I was a COBOL programmer for Nordstrom in 1996. I worked 350 extra hours on a project and was thrown a $250 bone at the end for the work. It drove me into contracting. Immediately I made more (I was getting a $47k salary from Nordstrom and my contract rate was $27 an hour. Works out to slightly more, when you take into account the hit for holidays and vacation.

But within two years that bumped to $55 an hour and was at $125 an hour by the turn of the century. I’ll not be so specific with what transpired after that other than to say it came back down to around what it was before that spike, but now in KY I at least get time and a half for any overtime.

And the thing is, if I work a single extra hour, I log it and get paid time and a half for it. It’s what I love about contracting.
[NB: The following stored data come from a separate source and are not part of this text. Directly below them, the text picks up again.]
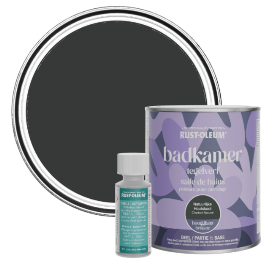 Geef je stenen, glazen of keramische badkamertegels een make-over met Rust-Oleum Badkamertegelverf in de kleur Houtskool. Meer kleuren via Bol.com beschikbaar!
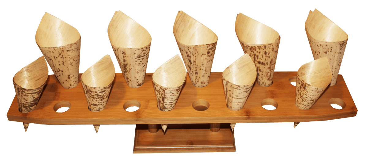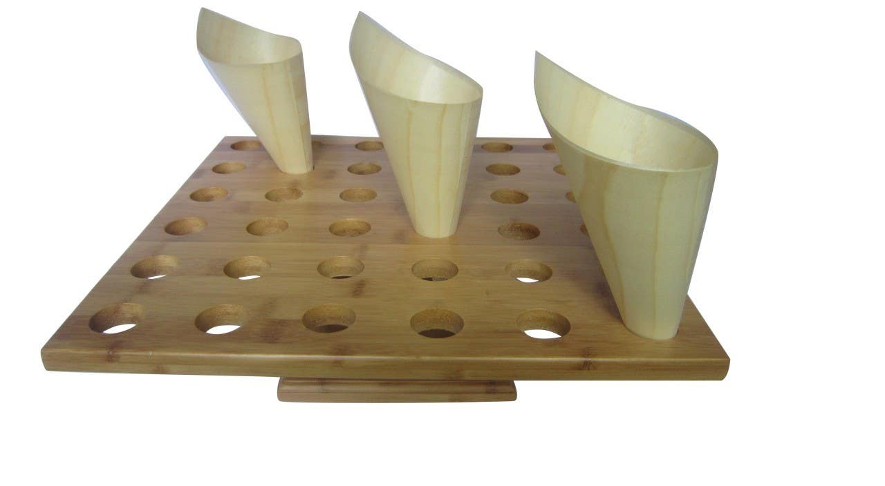 Do you need a little help creating the ultimate food display? If so, consider using food cones and displaying them in charming bamboo cone stands. You can fill bamboo cones up with a variety of food ingredients like nuts, fruits, mini breads, mini donuts and much more. Although just by using bamboo cones you can create a unique food presentation you will still need to have a secure place to display your cones, which is one reason you also need to use bamboo cone stands.
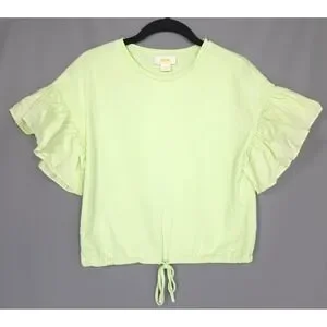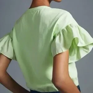 Anthropologie Maeve Top Size XS English Factory Ruffled Drop Shoulder Lime
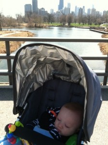 The first nice day we had, I buckled Henry into the stroller, put the leash on the dog, and we set out for a long walk along the lake front. This is by far one of my favorite things about Chicago. Here you are, in a big city, and you can take a long walk along Lake Michigan. It is so peaceful and beautiful, and the people watching isn’t bad either! My other favorite places to walk are around the Peggy Notebaert Nature Museum, through the Lincoln Park Zoo, and through Lincoln Park to see al the sculptures. I’ve also discovered that these long walks make Henry a very sleepy boy! He falls asleep in no time!
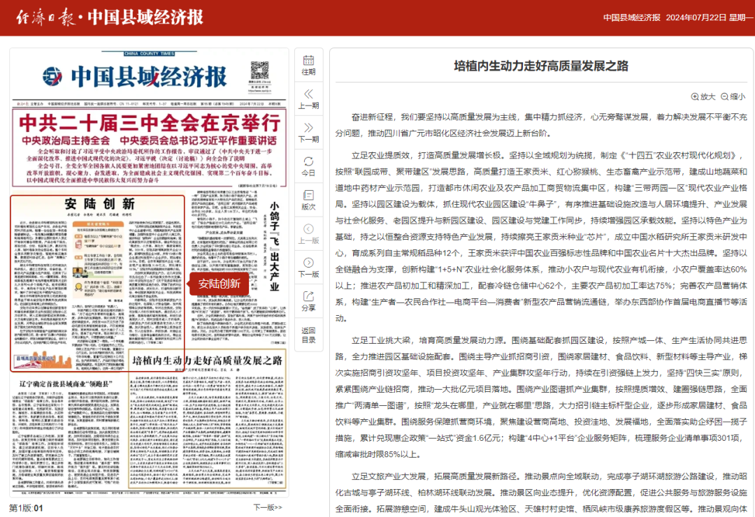 7月22日【中国县域经济报(头版)】培植内生动力走好高质量发展之路
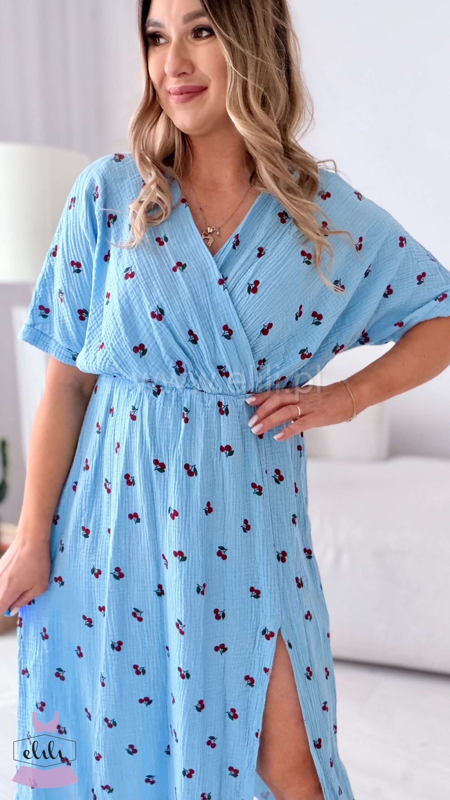 Długość midi w połączeniu z rozcięciem na nodze nadaje całości kobiecego, lekkiego charakteru i sprawia, że sukienka pięknie pracuje w ruchu.
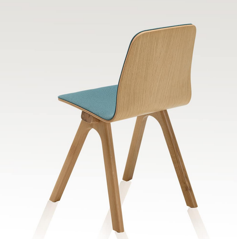 Matière : Structure en bois massif / Coque en multipli moulée plaquée chêne sur la face arrière / Placet en multipli 3mm recouvert d’une mousse MH40 de 20 mm tapissé d’un revêtement de votre choix.
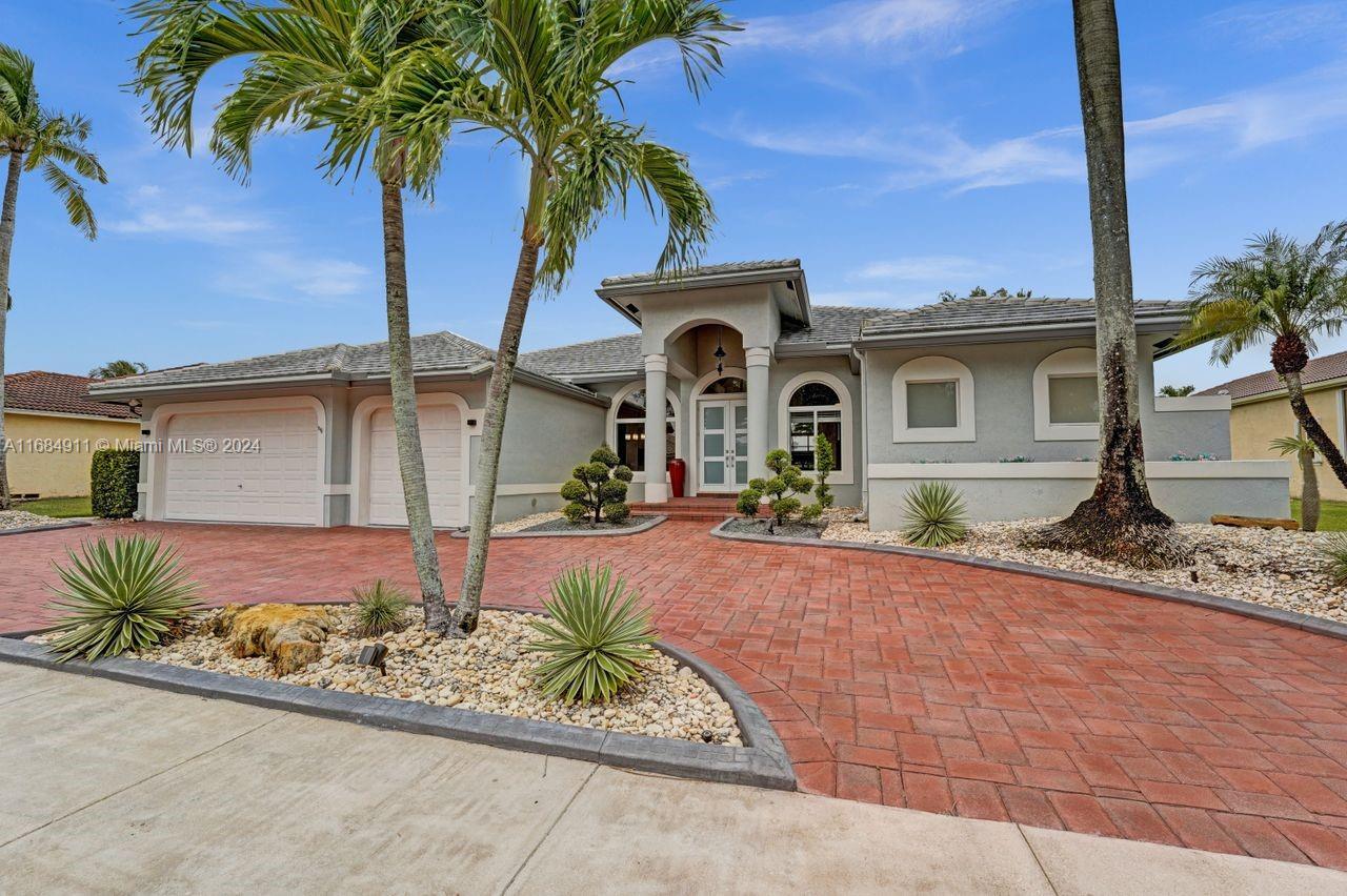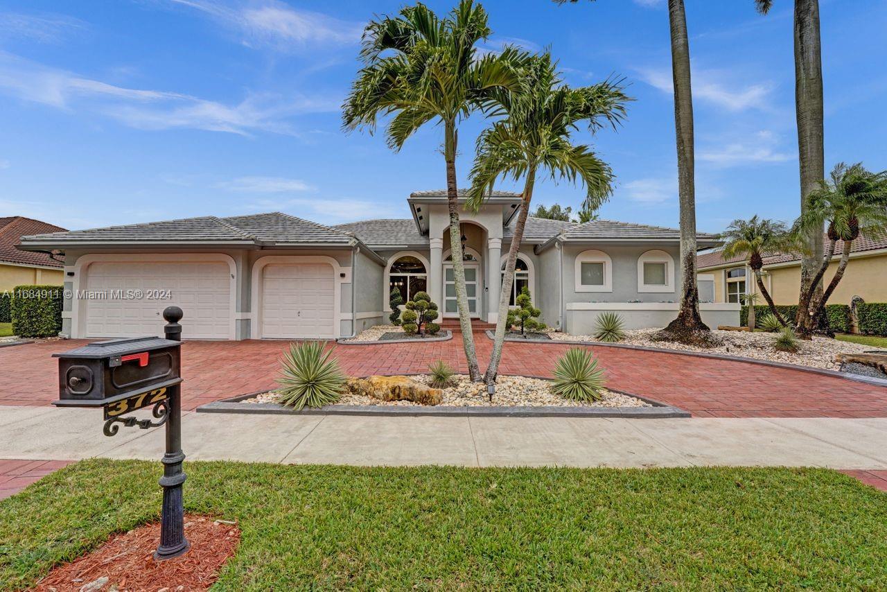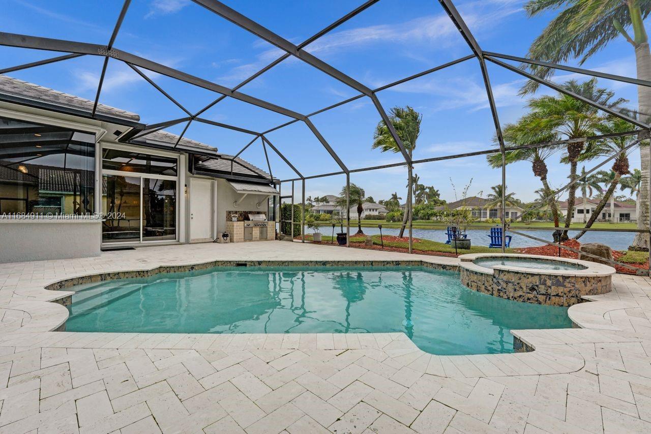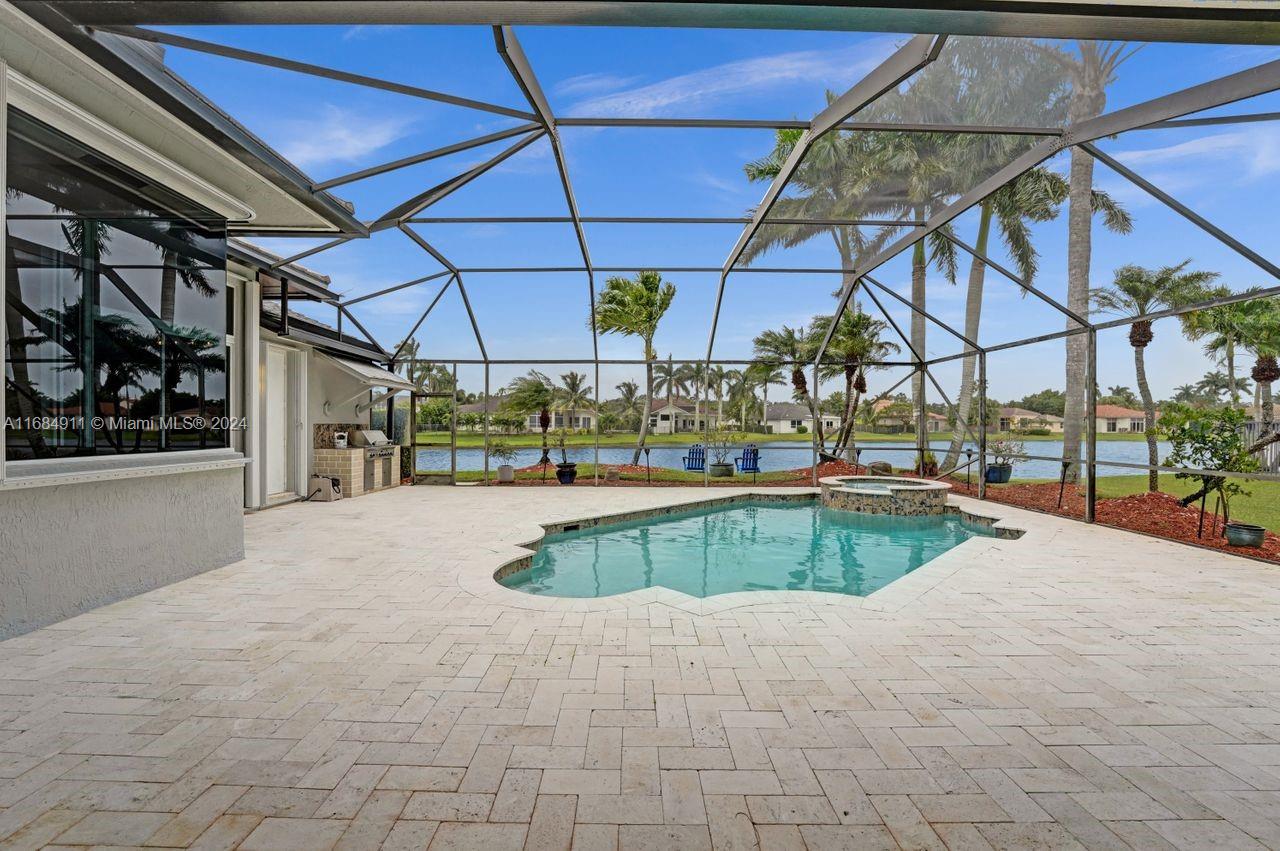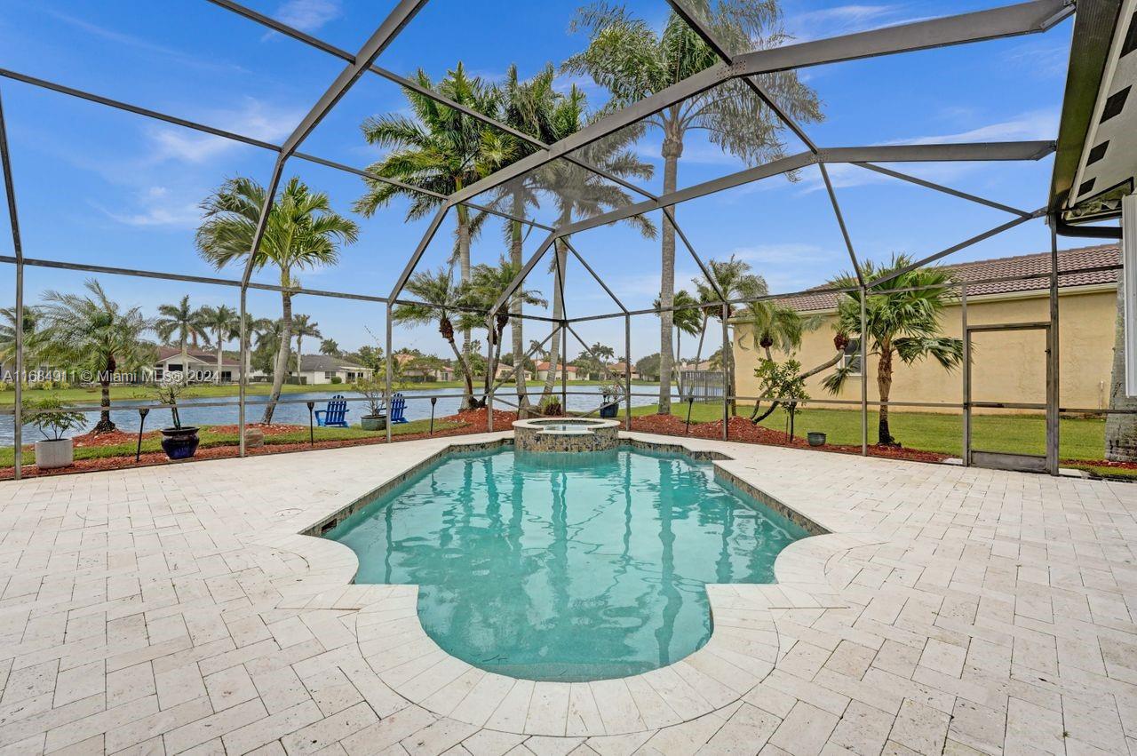 Experience luxury in the prestigious community of The Landings, Weston. This single story, spacious 5BDRM/3.5BATH, plus an Office, home boasts stunning curb appeal, circular driveway and 3-car garage. Step inside to find stunning lake views, UPDATED swimming pool, travertine marble deck. Outside patio/yard is ideal for entertaining w/ Summer kitchen. Travertine flooring, REMODELED stunning modern kitchen with wine fridge- a chef’s dream! Spacious bedrooms with custom closets, NEWER dishwasher, NEW ROOF, partial IMPACT windows/doors, accordions, NEW hot water heater, pool pump. FRESHLY painted exterior, epoxy flooring in garage, driveway resurfaced/resealed. Community includes Gated Access, Pickleball, Basketball, Playground & convenient access to shopping, dining, schools, and highways.
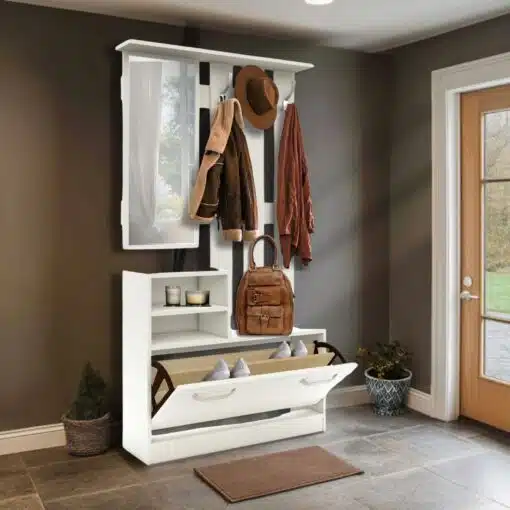 הפכו את כניסת הבית שלכם למרחב מסודר ומעוצב עם ארון הכניסה הרב-תכליתי שלנו. פתרון עיצובי חכם המשלב בתוכו מראה מלאה, אחסון נעליים, מדפי אחסון ותליינים – הכל במוצר אחד קומפקטי ואלגנטי.
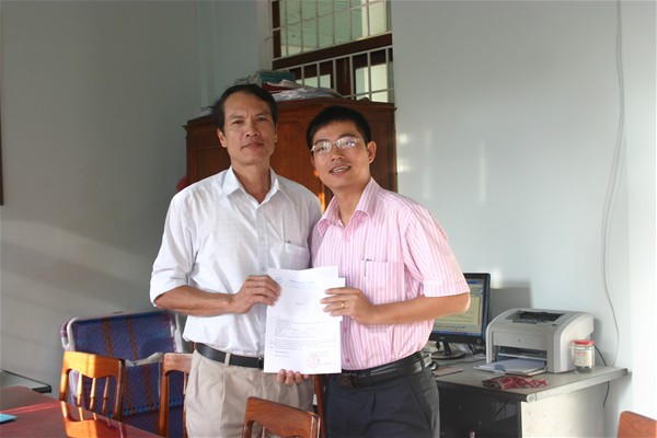 Ts. Nguyễn Văn Tân trao học bổng cho trường THPT Xuân Diệu thầy Trần Duy Thuận(người bên trái) đại diện nhận

Of course, I’m almost 63 and have no health insurance (since the exact day Obamacare took effect), but it’s so expensive that the 8% rule keeps me from having to pay the penalty.

Meanwhile, I get hints at how much the employees around me make. It’s far less money, but they have all those nice intangible “benefits”. And yes, I’m being sarcastic.

Just give me the raw dollars and let me decide how much time I want to take off, insurance options, etc...


25 posted on 10/21/2016 1:18:46 PM PDT by Mr. Douglas (Today is your life. What are you going to do with it?)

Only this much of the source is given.